I read on Google about a package named ccache which is on ports and make compile faster. Use some kind of space (on disk I guess) and save compilation to do it faster next time? What exactly is that and how to setup it? Searching on forum, I read about some problems with ccache on and compiling / rebuilding world errors. Is dangerous?

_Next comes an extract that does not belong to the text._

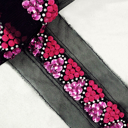 Тесьма с бусинами и стразами 85мм арт.MLS-1017 малиновый/черный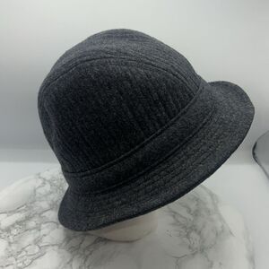 Grey wool in a ribbed textured knit, stain lined on crown. Size large, measures 21.75” around inside of crown.

Try it?


----------



## graudeejs (Oct 25, 2010)

http://forums.freebsd.org/showthread.php?t=174
It only helps if you compile same/similar source more than 1 time.
For the first time, it will probably slow things down....

Also if you're porter or developer of some c/c++ apps, ccache is very useful


----------



## vermaden (Oct 25, 2010)

killasmurf86 said:
			
		

> Also if you're porter or developer of some c/c++ apps, ccache is very useful



... or use Ports a lot and source upgrades (kernel/world rebuild).


----------



## sk8harddiefast (Oct 25, 2010)

From: http://forums.freebsd.org/showthread.php?t=174


> # set ccache temp size to 512MB (default 1GB)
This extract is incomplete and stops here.